If $f \in C^0([0,1])$, one can define $$\Vert f \Vert_? = \sup_{J \subset [0,1]} \left\lvert \int_J f \right\rvert,$$ where $J$ runs among all subintervals of $[0,1]$.

This is a norm on $C^0([0,1])$ (and Lebesgue's density theorem shows that this generalizes on spaces like $L^1(I)$, where $I$ is an interval, but I don't really want to go to this generality).

The norm is strictly coarser than the $L^1$ norm, but it satisfies something reminiscent of it: if $f, g \in C^0([0,1])$ are such that $f$ is monotonic, then one gets $$ \left\vert \int_0^1 f g \right\rvert \leq C \Vert f \Vert_\infty \Vert g \Vert_?,$$ for some universal constant $C$. If I'm not mistaken, $C = 2$ works, thanks to the second mean value theorem for integrals.

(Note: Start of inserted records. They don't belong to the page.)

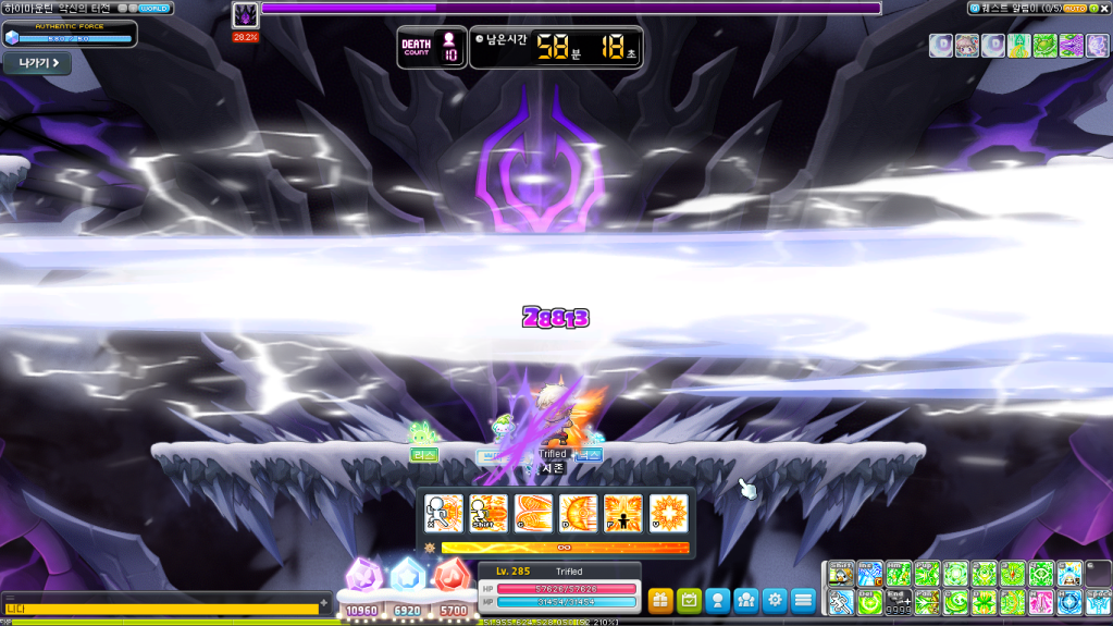 Here’s a picture from Stage 1. At the top, you’ll see the timer and progress bar. You must defeat enough monsters to fill up the progress bar to progress to the next stage. At the bottom, you’ll see the Mitra UI. As you defeat monsters, you’ll collect Authority, which fills up the bar (up to 1000).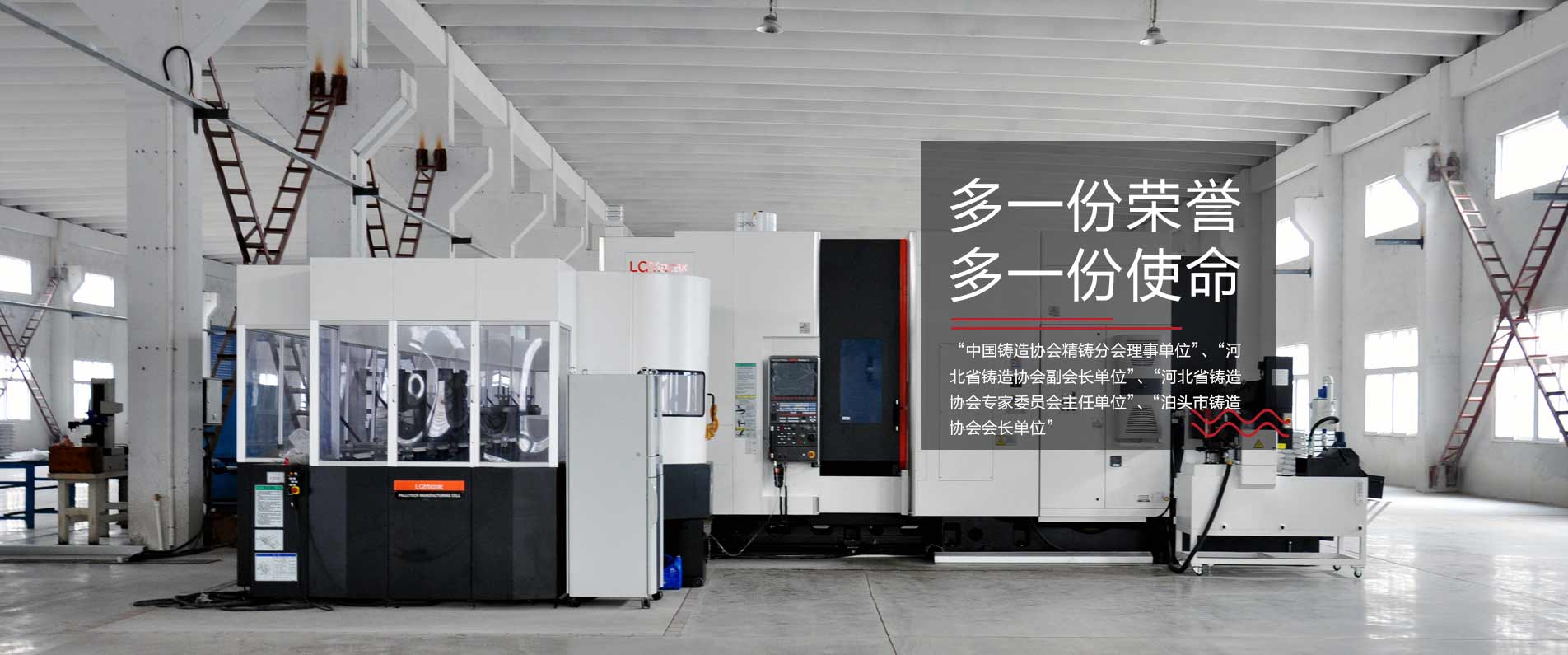 泊頭市宏昌機械有限責任公司,坐落在中國鑄造名城-----河北省泊頭市。公司集鑄造和機加工于一體,是國內大型鑄造規(guī)模化專業(yè)生產(chǎn)基地。是“中國鑄造協(xié)會精鑄分會理事單位”、“河北省鑄造協(xié)會副會長單位”、“河北省鑄造協(xié)會專家委員會主任單位”、“泊頭市鑄造協(xié)會會長單位”。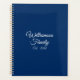 Família de scripts personalizados, azuis e brancos, Elegante ou nome comercial, e Planejador personalizado de agenda personalizado de data estabelecida. Texto branco personalizado sobre fundo de cor simples azul-marinho. Este planejador trabalha como excelente como uma agenda familiar, empresarial e profissional.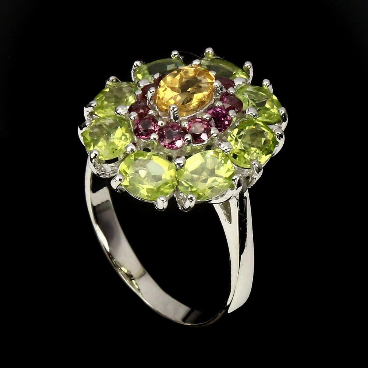 925 STERLING SILVER;PLATE14K WHITE GOLD;RING SIZE7.5(RESIZEABLE)MAIN STONECITRINEOTHER GEMSPERIDOT,RHODOLITE GARNETTOTAL WEIGHT23.65 CT (TOTAL WEIGHT OF SILVER + STONE)DIMENSION* STONE 2.5 TO 6.0 X 4.0 MM. * RING SIZE 7.5 * FACE RING 19.0 X 17.0 MM.MAIN STONE SHAPEOVAL CUTMAIN STONE COLORTOP RICH YELLOWCLARITY/GRADEIF TO VVSLUSTERDELUXETREATMENTUNHEATEDORIGINBRAZILHARDNESS7.0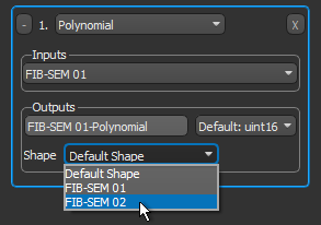 - If you are working with the Advanced Options, you can select the output geometry. You can choose the geometry of any object based on a structured grid — image data, region of interest, or multi-ROI — that is available in the Data Properties and Settings panel. You can also choose to keep the default shape, which is defined by the first input of your image processing workflow.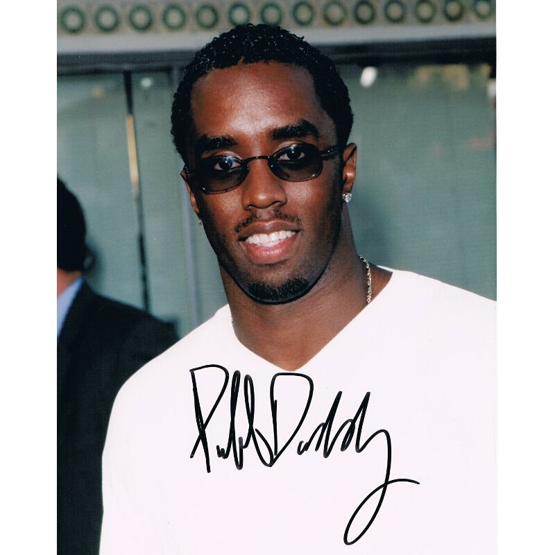 This is a 10" x 8" photograph of the rapper in a white shirt and sunglasses. P. Diddy has added his autograph in black ink across the bottom of the photograph.

If you had the patience to read all of this, my questions are the following:

• is this norm (or a variant of it) well-known? has it got a name?
• do you have a simple proof of the inequality with $f$ monotonic? one without that obscure second MVT for integrals? what is the best constant $C$?

Answer 1

I had some fun doing a bit of "abstract nonsense", which you may or may not consider as an answer to your first question. I hope it helps you nonetheless.

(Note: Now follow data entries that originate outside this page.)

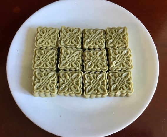 甜点是绿豆糕,做出来的样子真好看,主要是那模子,印出来的花样美丽!模子是在上海买的,美国是找不到的。。。。。。。。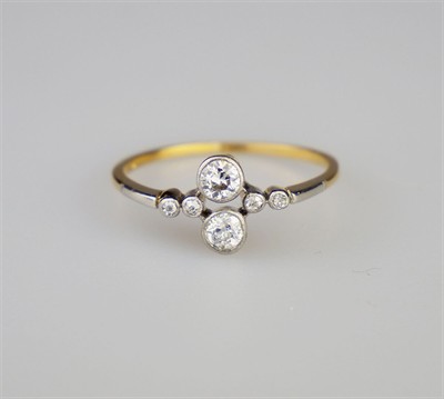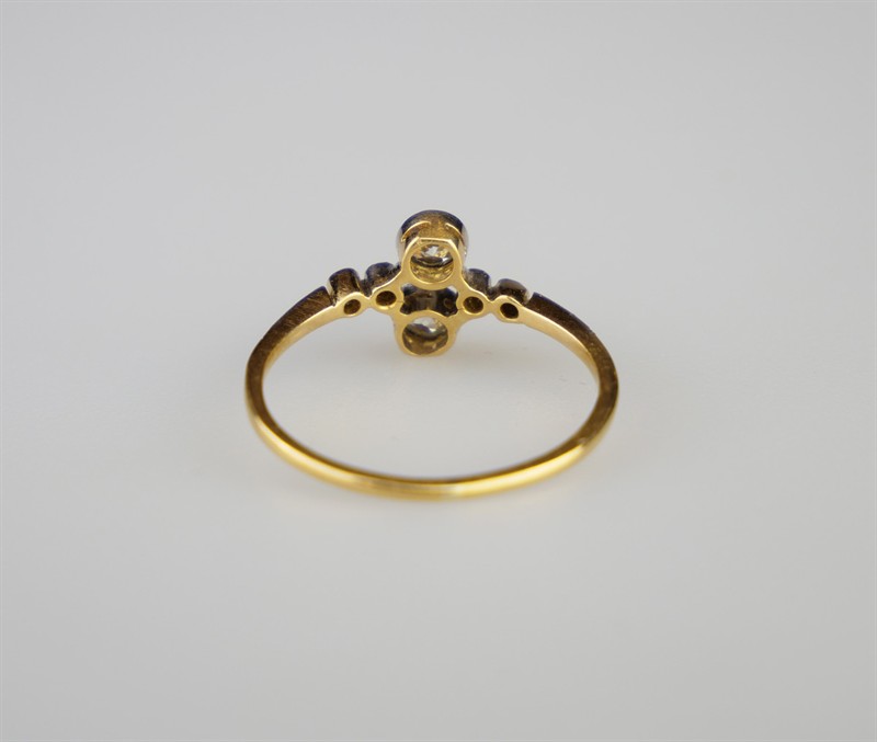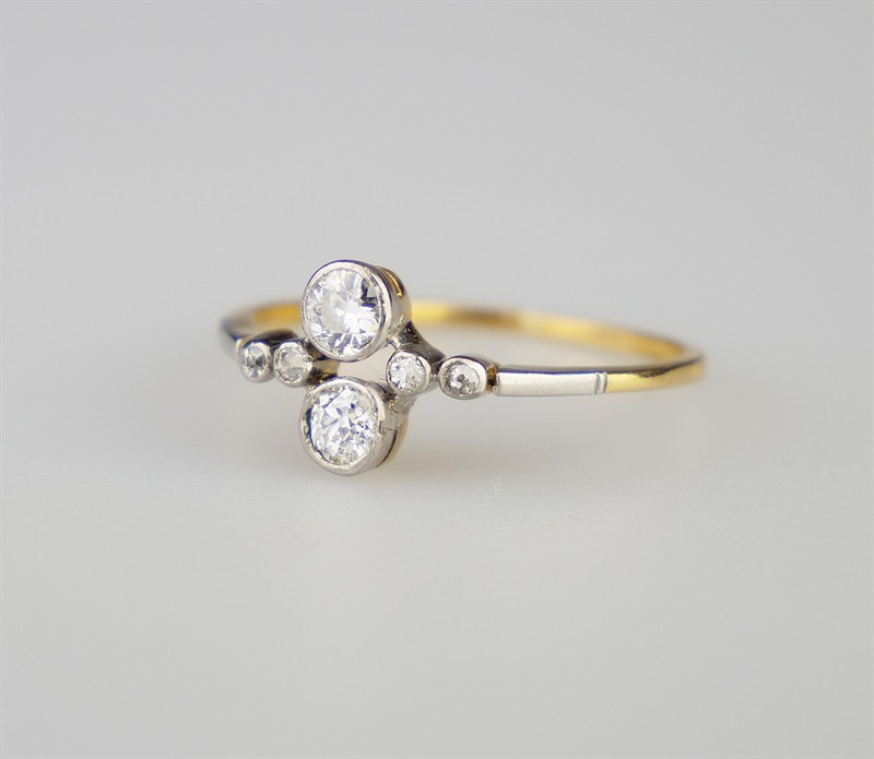 Zlatý art-deco prsten s diamanty, hmotnost 6 diamantů briliantového brusu 0,47 ct, barva H-I, kvalita SI. Celková hmotnost Au 2,05 g/585/1000, osvědčení Puncovního úřadu. Západní Evropa, první třetina 20. století, velikost prstenu 57,5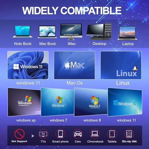 External CD\/DVD Drive for Laptop, DVD Player for Laptop, 8 in 1 USB 3.0 Ultra-Slim Portable, CD Burner External Disk Drive Optical Compatible with Desktop Mac,Windows 11\/10\/8\/7 Linux

Let $X$ be a Banach space (generalizing $L^1([0, 1])$, which contains $C^0([0, 1])$ as a non-closed subspace) and suppose $\mathcal F^\ast\subset X^\ast$. Then the following defines a semi-norm on $X$: $$ \lvert f\rvert_{\mathcal F^\ast}:=\sup_{f^\ast\in \mathcal F^\ast}\left\lvert \langle f^\ast , f\rangle\right\rvert.$$ Your example is clearly of this form. For $\lvert \cdot\rvert_{\mathcal F^\ast}$ to be a norm, $\mathcal F^\ast$ should be "total" in the sense that $$\tag{1} \overline{\operatorname{span} \mathcal F^\ast}=X^\ast.$$ Indeed, $\lvert f\rvert_{\mathcal F^\ast}=0$ is equivalent to $f\bot \mathcal F^\ast$, and this implies $f=0$ if and only if $\mathcal F^\ast$ is total (NOTE: I am not 100% sure that's how sets satisfying (1) are called, but it gives the idea).

In your case, $\mathcal F^\ast=\{\mathbf 1_J\ :\ J\text{ is a subinterval of }[0, 1]\}$, which indeed is a total set in $L^\infty([0, 1])$, so that defines a norm on $L^1([0, 1])$. Since $C^0([0, 1])\subset L^1([0, 1])$, that is a norm on $C^0$, too, but I am rather sure that it is not Banach. (Take for example a sequence of continuous functions that approximates $\mathbf{1}_{[1/2, 1]}$, which is not in $C^0$. That sequence is going to be Cauchy. Hope it is clear what I mean).

Remark. All of this says absolutely nothing about your second question. That one is specific of continuous functions and as such is impermeable to all this abstract nonsense.